Saga shares have slipped back after initially opening higher after reporting a 15% rise in H1 revenues of £355.3m, narrowing losses to £77.8m, most of which was down to a £68.1m impairment in respect insurance broking goodwill. The improvement in revenues primarily came about due to an increase in cruise bookings which saw this area of the business return to operational profit. Ocean cruise saw underlying profits of £12.9m after losses of £6.9m a year ago, while river cruise saw underlying profits of £1.5m. Load factors improved to above 80%. The travel business was still loss making however, reporting a small underlying deficit of £2.6m.
Saga also said that it had decided to put the sale of its underwriting business on hold.
UBS shares have dropped sharply on reports that the US Department of Justice is investigating sanctions breaches by Credit Suisse in allowing Russian clients to evade sanctions.
After closing at a 3-month low, US markets have seen a modestly positive open helped in some part by a pullback in treasury yields from their recent peaks. Reports that a bi-partisan agreement to avert a government shutdown is in the works may also have improved sentiment slightly, although any deal will still need to get through the house, and this is tempering some of the upside momentum.
An unexpected improvement in August durable goods has also helped on the margin, with a 0.4% increase excluding transports.
Electric car maker Lucid opened higher after commencing production at its Jeddah facility in Saudi Arabia of the Lucid Air electric car.
The US dollar has continued to make gains against the likes of the euro and the pound with the euro sinking to its lowest levels since January, while the pound has slipped to its lowest level in 6 months. The Japanese yen has continued to come under pressure and remains the worst performer this year, down over 12% and seemingly intent on revisiting the levels seen in October last year when we briefly popped up towards the 152.00 level.
Crude oil prices have continued their relentless move higher with the $100 a barrel level coming ever closer into view, after Brent prices moved back above $95 a barrel as traders focus on the tightness of the market, as well as low inventory levels. The latest API data showed another decline at Cushing, although nationally stockpiles rose modestly.
The resilience of the US dollar along with higher yields continues to weigh on the gold price, slipping below the $1,900 level for the first time in over a month, with the next key support at the August lows close to the $1,880 level.

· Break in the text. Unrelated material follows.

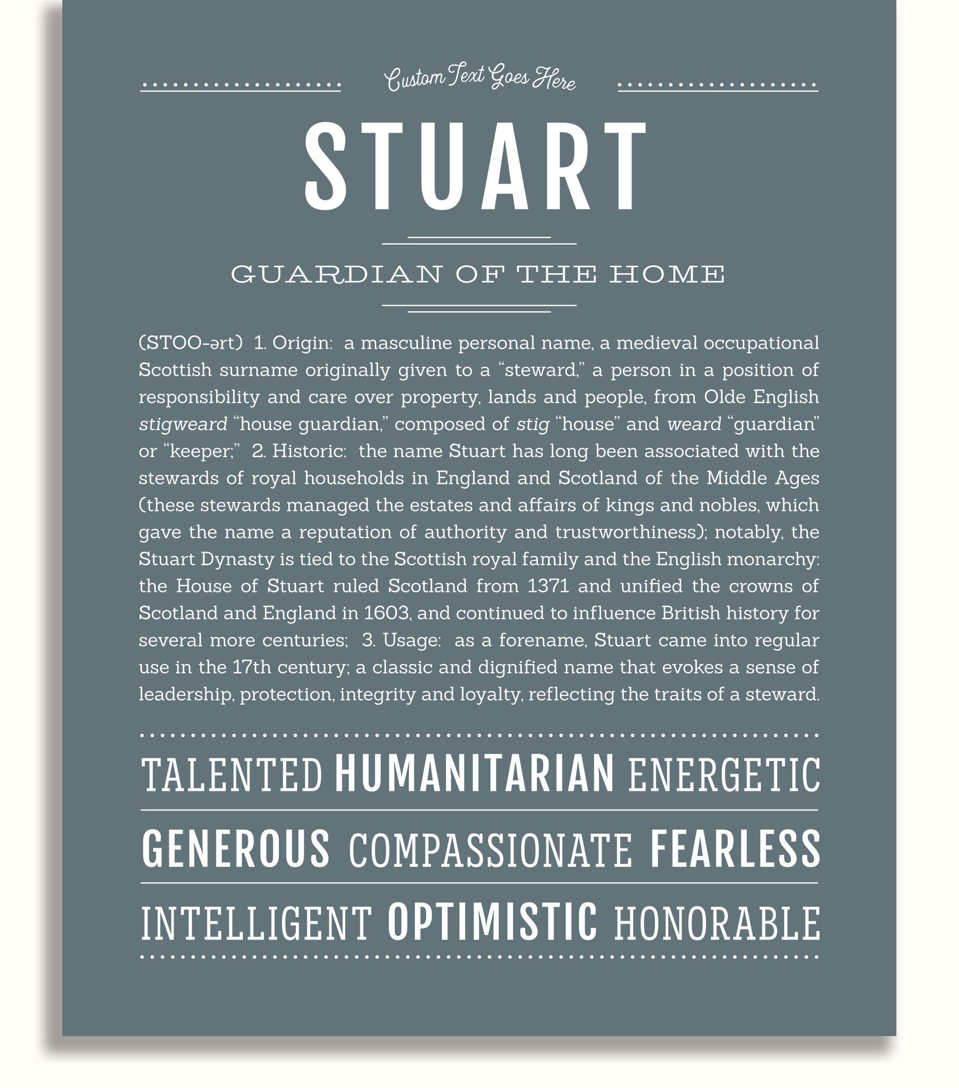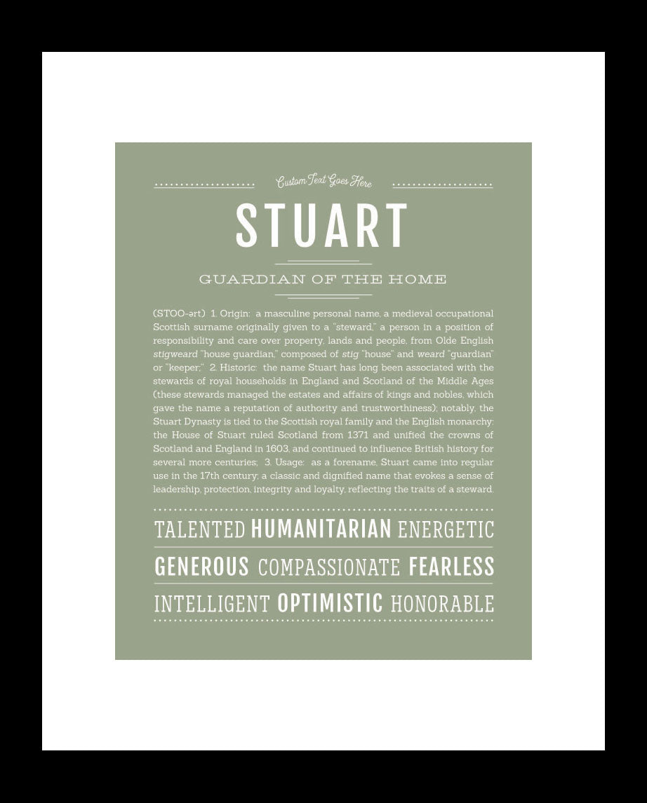 Names Stories® is not only a timeless keepsake of Stuart’s name, but a thoughtful reminder of who Stuart is: today, tomorrow, and always.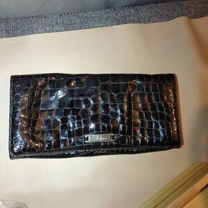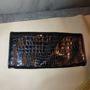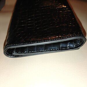Cole Haan Black Patent Leather Crocodile Clutch Bag Purse Wallet

Liberty Media Corp’s stock has seen some elevated levels of interest in recent days. This is the result of a proposed corporate action to simplify ownership structures, but the outcome was a 10% uptick after Monday’s close, before around two thirds of those gains were given back on Tuesday. One day vol on the stock printed 106.53% against 56.15% for the month.
Wheat prices are in focus, reversing at least some of last week’s losses. Once again, it’s concerns of a supply deficit that are taking a toll, with a spell of hot, dry weather in Australia during a key point of the growing cycle being the latest hurdle. One day vol on Wheat sat at 35.27% against 32.28% for the month.
Copper prices tested four-month lows on Tuesday with building inventories continuing to weigh on sentiment. The metal has been comparatively rangebound over the summer but concerns over the near-term outlook for the Chinese economy will be doing little to help here, either. One day vol printed 19.49% against 17.07% on the month.
One other asset class worthy of note today is cryptocurrencies, but that’s because price action is looking abnormally limited right now. The one-day print on Bitcoin sat at just 14.98% compared to 28.25% for the month, with the pattern being repeated across other coins and tokens, too. Given the limits applied to the FTX liquidation sale, it seems unlikely that any extra liquidity this is providing is sufficient to drag volatility down quite so far.